To avoid overlooking some part, I give the full source code here:
#include <iostream>
#include <mpi.h>
#include <cmath>
int world_size;
int world_rank;
MPI_Comm comm;
int m, m_small, m_small2;
int index(int row, int column)
{
return m * row + column;
}
int index3(int row, int column)
{
return m_small2 * row + column;
}
int main(int argc, char **argv) {
MPI_Init(&argc, &argv);
MPI_Status status;
MPI_Comm_size(MPI_COMM_WORLD, &world_size);
MPI_Comm_rank(MPI_COMM_WORLD, &world_rank);
m = atoi(argv[1]); //Size
int ndims = 2;
int *dims = new int[ndims];
int *period = new int[ndims];
int *coords = new int[ndims];
for (int i=0; i<ndims; i++) dims[i] = 0;
for (int i=0; i<ndims; i++) period[i] = 0;
for (int i=0; i<ndims; i++) coords[i] = 0;
MPI_Dims_create(world_size, ndims, dims);
MPI_Cart_create(MPI_COMM_WORLD, ndims, dims, period, 0, &comm);
MPI_Cart_coords(comm, world_rank, ndims, coords);
double *a, *a_2;
if (0 == world_rank) {
a = new double [m*m];
for (int i=0; i<m; i++) {
for (int j=0; j<m; j++) {
a[index(i,j)] = 0;
}
}
}
/*m_small is along the vertical direction, m_small2 is along the horizental direction*/
//The upper cells will take the reminder of total lattice point along vertical direction divided by the cell number along that direction
if (0 == coords[0]){
m_small = int(m / dims[0]) + m % dims[0];
}
else m_small = int(m / dims[0]);
//The left cells will take the reminder of total lattice point along horizental direction divided by the cell number along that direction
if (0 == coords[1]) {
m_small2 = int(m / dims[1]) + m % dims[1];
}
else m_small2 = int(m / dims[1]);
double *a_small = new double [m_small * m_small2];
/*Initialization of matrix*/
for (int i=0; i<m_small; i++) {
for (int j=0; j<m_small2; j++) {
a_small[index3(i,j)] = 2.5 ;
}
}
if (0 == world_rank) {
a_2 = new double[m_small*m_small2];
for (int i=0; i<m_small; i++) {
for (int j=0; j<m_small2; j++) {
a_2[index3(i,j)] = 0;
}
}
}
int loc[2];
int m1_rec, m2_rec;
MPI_Request send_req;
MPI_Isend(coords, 2, MPI_INT, 0, 1, MPI_COMM_WORLD, &send_req);
//This Isend may have problem!
MPI_Isend(a_small, m_small*m_small2, MPI_DOUBLE, 0, 0, MPI_COMM_WORLD, &send_req);
if (0 == world_rank) {
for (int i = 0; i < world_size; i++) {
MPI_Recv(loc, 2, MPI_INT, i, 1, MPI_COMM_WORLD, MPI_STATUSES_IGNORE);
/*Determine the size of matrix for receiving the information*/
if (0 == loc[0]) {
m1_rec = int(m / dims[0]) + m % dims[0];
} else {
m1_rec = int(m / dims[0]);
}
if (0 == loc[1]) {
m2_rec = int(m / dims[1]) + m % dims[1];
} else {
m2_rec = int(m / dims[1]);
}
//This receive may have problem!
MPI_Recv(a_2, m1_rec * m2_rec, MPI_DOUBLE, i, 0, MPI_COMM_WORLD, MPI_STATUSES_IGNORE);
}
}
delete[] a_small;
if (0 == world_rank) {
delete[] a;
delete[] a_2;
}
delete[] dims;
delete[] period;
delete[] coords;
MPI_Finalize();
return 0;
}
Basically, the code reads an input value m
, and then construct a big matrix of m x m
. MPI creates a 2D topology according to the number of CPUs, which divide the big matrix to sub-matrix. The size of the sub-matrix is m_small x m_small2
. There should be no problem in these steps.
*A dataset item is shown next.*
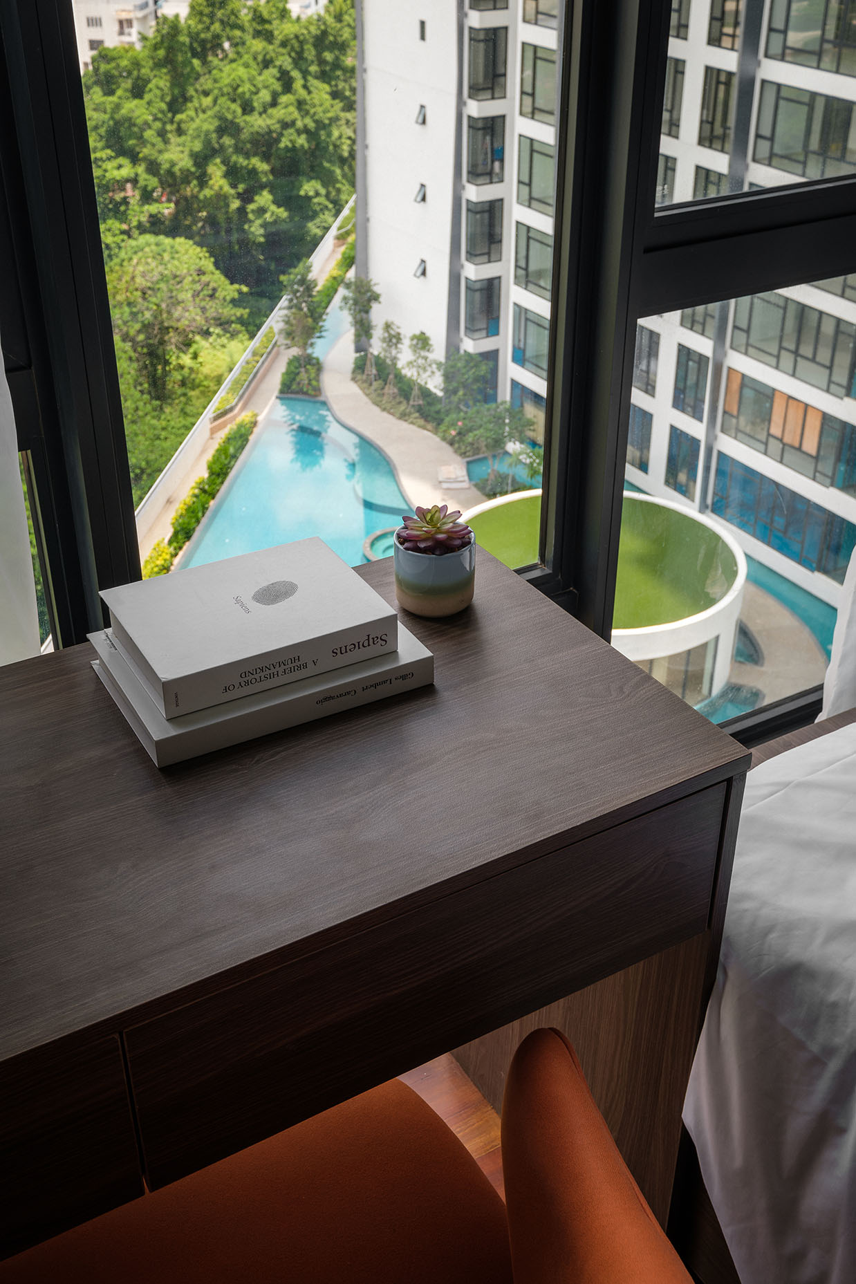 Black, white, and grey tones create a modern architectural base, while warmer creamy hues soften the overall environment.
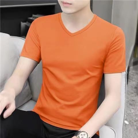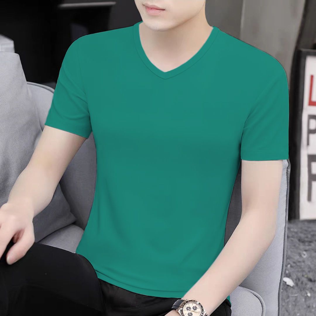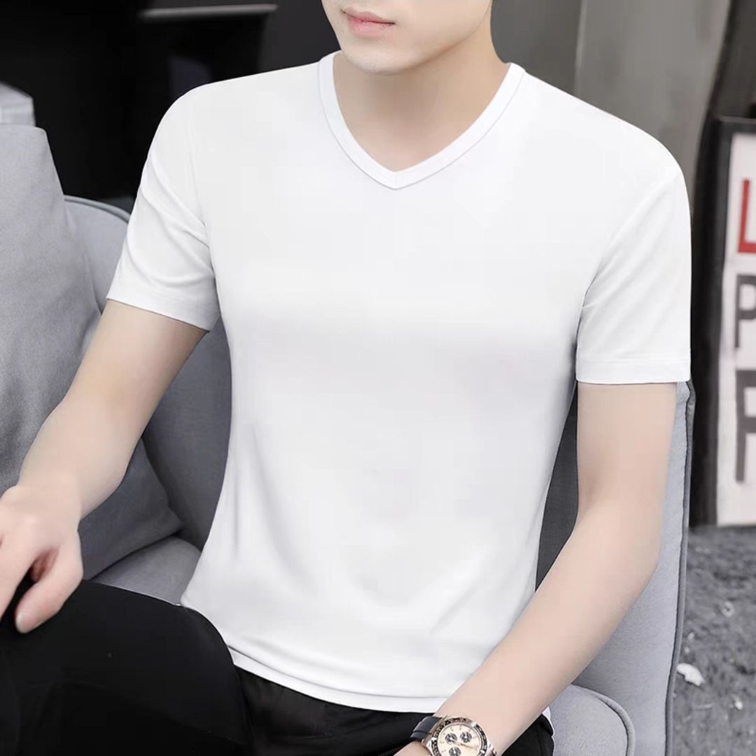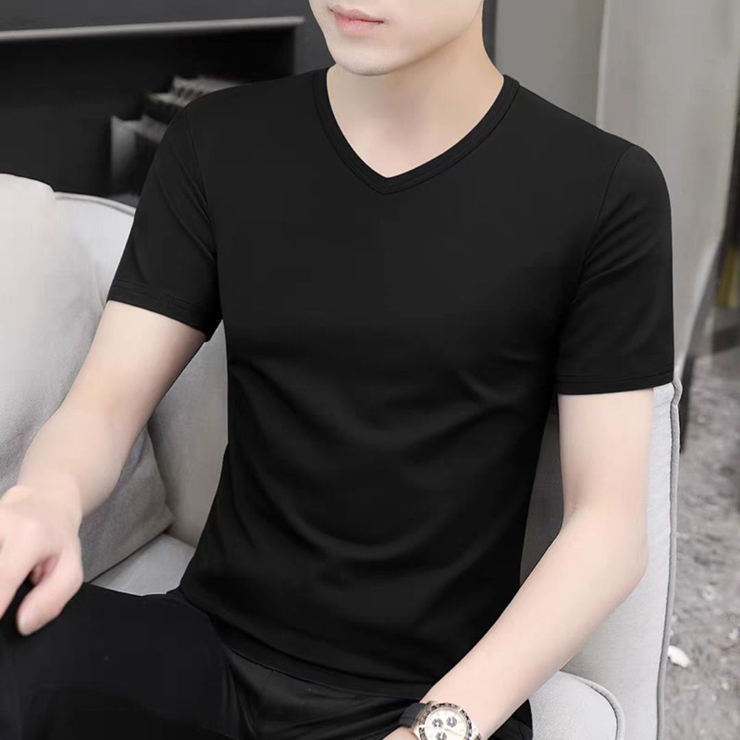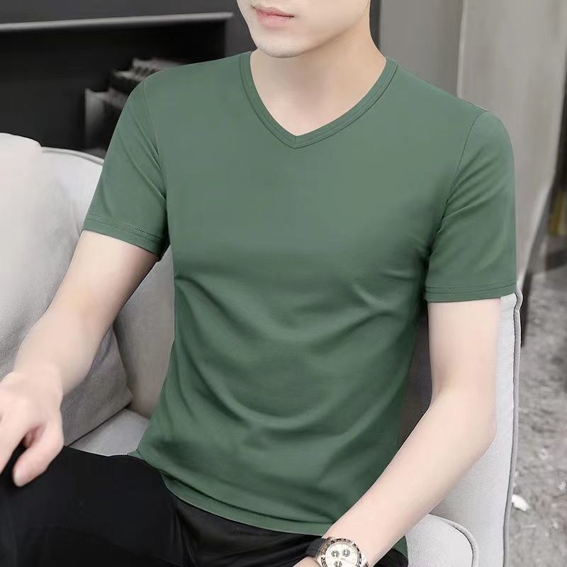 【清仓处理】短袖T恤男士2023夏季纯色V领潮流弹力打底体恤衣服

The problem happens when I send the sub-matrix in each rank to rank-0 using MPI_Isend(a_small, m_small*m_small2, MPI_DOUBLE, 0, 0, MPI_COMM_WORLD, &send_req);
and MPI_Recv(a_2, m1_rec * m2_rec, MPI_DOUBLE, i, 0, MPI_COMM_WORLD, MPI_STATUSES_IGNORE);
.
For example, when I run the code by this command: mpirun -np 2 ./a.out 183
, I will get the error of
Read -1, expected 133224, errno = 14
*** Process received signal ***
Signal: Segmentation fault (11)
Signal code: Address not mapped (1)
Failing at address: 0x7fb23b485010
--------------------------------------------------------------------------
Primary job terminated normally, but 1 process returned
a non-zero exit code. Per user-direction, the job has been aborted.
--------------------------------------------------------------------------
--------------------------------------------------------------------------
mpirun noticed that process rank 1 with PID 0 on node dx1-500-24164 exited on signal 11 (Segmentation fault).
Strangely, If I modify the CPU number or decrease the value of input argument, the problem is not there anymore. Also, If I just comment out the MPI_Isend/Recv, there is no problem either.
So I am really wondering how to solve this problem?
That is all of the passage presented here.